**Task statement**
Would you retype exactly the lines below, starting with the one that has "SMARS Car Dash" and going on through the one that has "Vintage Fabric Floral", with no pictures and nothing else?

**Given data**
******************************
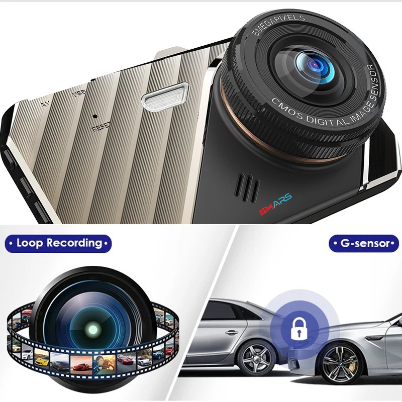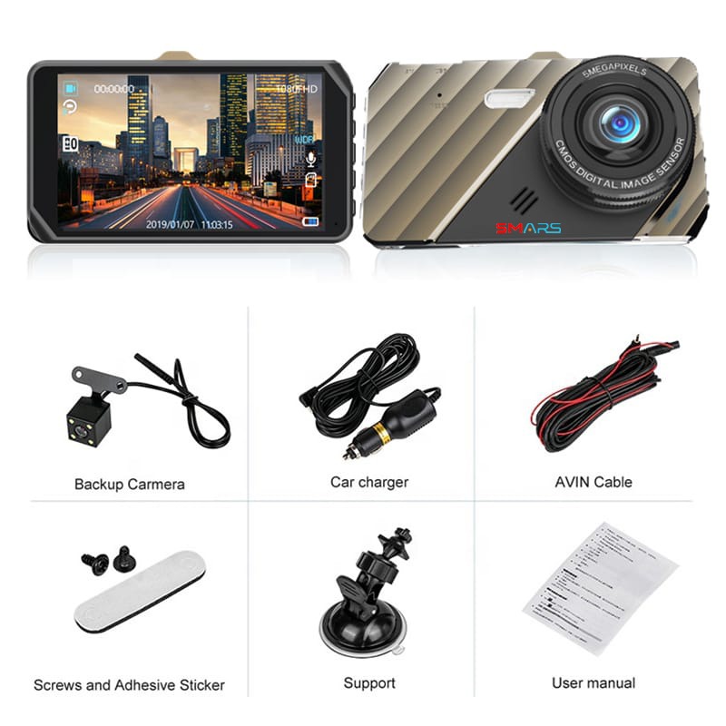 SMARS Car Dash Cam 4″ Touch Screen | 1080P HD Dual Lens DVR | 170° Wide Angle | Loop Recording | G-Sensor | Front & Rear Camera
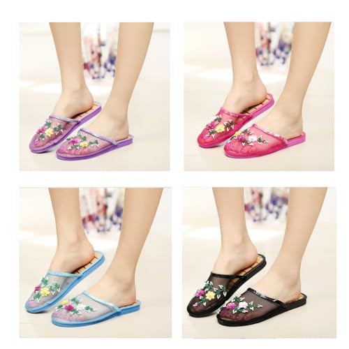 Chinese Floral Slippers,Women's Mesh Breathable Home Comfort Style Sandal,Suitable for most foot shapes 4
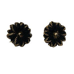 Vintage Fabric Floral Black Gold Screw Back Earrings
******************************
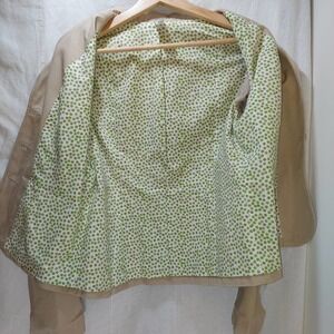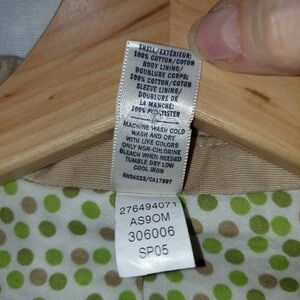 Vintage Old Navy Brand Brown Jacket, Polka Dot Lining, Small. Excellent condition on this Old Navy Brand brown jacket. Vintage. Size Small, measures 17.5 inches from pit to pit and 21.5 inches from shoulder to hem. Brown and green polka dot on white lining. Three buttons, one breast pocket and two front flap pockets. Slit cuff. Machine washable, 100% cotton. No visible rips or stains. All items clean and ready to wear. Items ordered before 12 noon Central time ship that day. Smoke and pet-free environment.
******************************
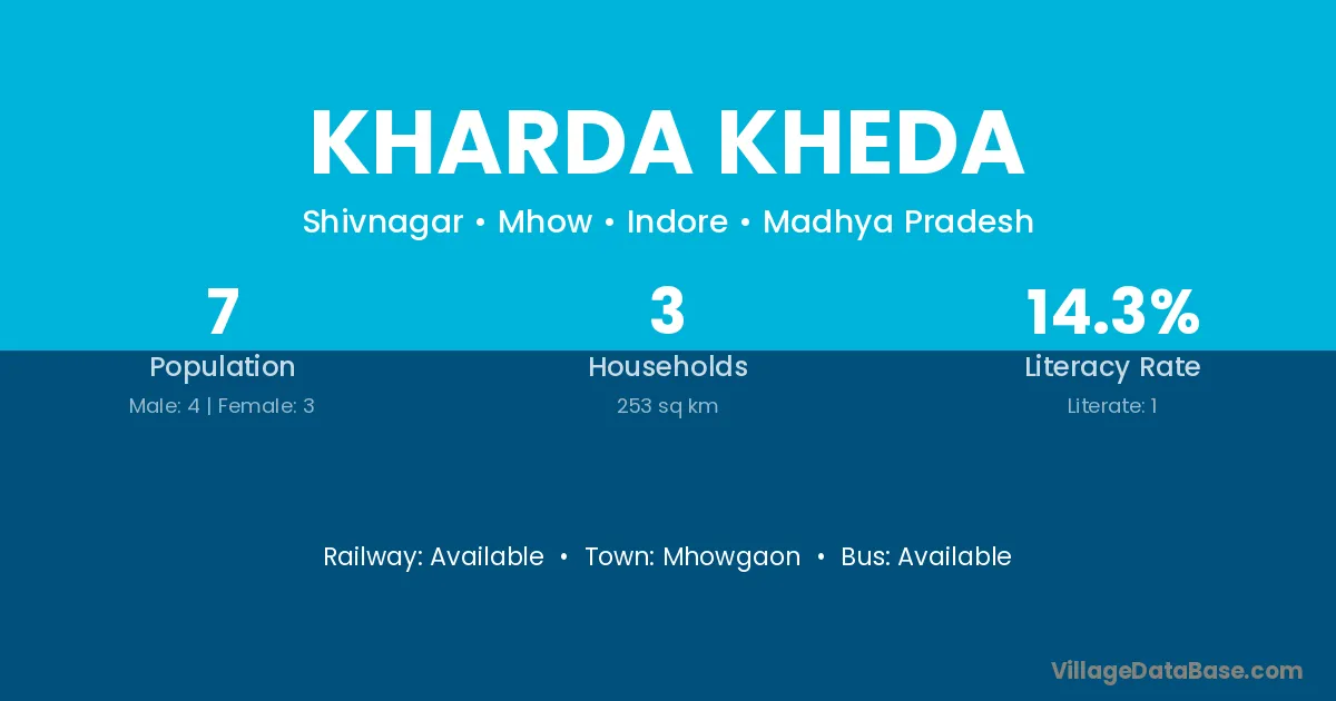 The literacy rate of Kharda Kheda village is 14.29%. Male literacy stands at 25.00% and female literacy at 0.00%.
******************************
**Your solution**
 SMARS Car Dash Cam 4″ Touch Screen | 1080P HD Dual Lens DVR | 170° Wide Angle | Loop Recording | G-Sensor | Front & Rear Camera
 Chinese Floral Slippers,Women's Mesh Breathable Home Comfort Style Sandal,Suitable for most foot shapes 4
 Vintage Fabric Floral Black Gold Screw Back Earrings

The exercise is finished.